Despite what anyone says, I question putting boiling water in a plastic bag. Some chemicals will leach out. Probably not a big deal, especially if you only do this occasionally.
Mar 4, 2015 at 5:02 pm #2180010Yep, we bought the dehydrator and tried some of the recipes out of the book. We had mixed results, mostly bad. Food prep is a bit like describing your version of a light pack. We all have slightly different preferences.
The wife and I have been actively experimenting with food for backpacking, canoeing and kayaking for four years. We dehydrate ground beef and turkey. We buy freeze dried chicken. I prefer to dehydrate my own eggs (uncooked) and fry them on trail. For many meals we dehydrate items separately then mix once dried.
There is no one answer, but the dehydrators are a great tool. Keep experimenting
Mar 4, 2015 at 5:11 pm #2180012One of BPL's own has a lot of good information on her web site:
I'd start there if I were going to dehydrate my own food.

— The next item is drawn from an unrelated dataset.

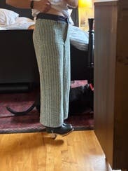 These are very hip pants. They fit perfectly but it was just too warm to wear them. I was hoping they were a little lighter. Super cool though. The sparkly tweed with a jean like waist band . Definitely going to rent in the fall and may buy them.

Mar 4, 2015 at 5:16 pm #2180015The BEST reason to post (or move) this thread to the "Food, Nutrition & Hydration" category is that it is FAR more likely to attract attention from our resident food experts, including Laurie Ann March (the author of "A Fork in the Trail") and Sarah Kirkconnell (of the blogs Freezer Bag Cooking and Trail Cooking).
Both these ladies are a genuine treasure trove of excellent information and ideas, and their input is part of what makes this website so useful!
Mar 4, 2015 at 5:30 pm #2180020"Like pour in a of of boil water then simmer with a lid on? I don't eat like that at all on the trail. I got better things to do than cooking and cleaning at the campsite lol."
Good food requires some discipline. Building a routine will make this task, well, not a task. If you are not willing to spend the extra 5-10 minutes cooking and cleaning, then why even bother straying away from your Mountain House?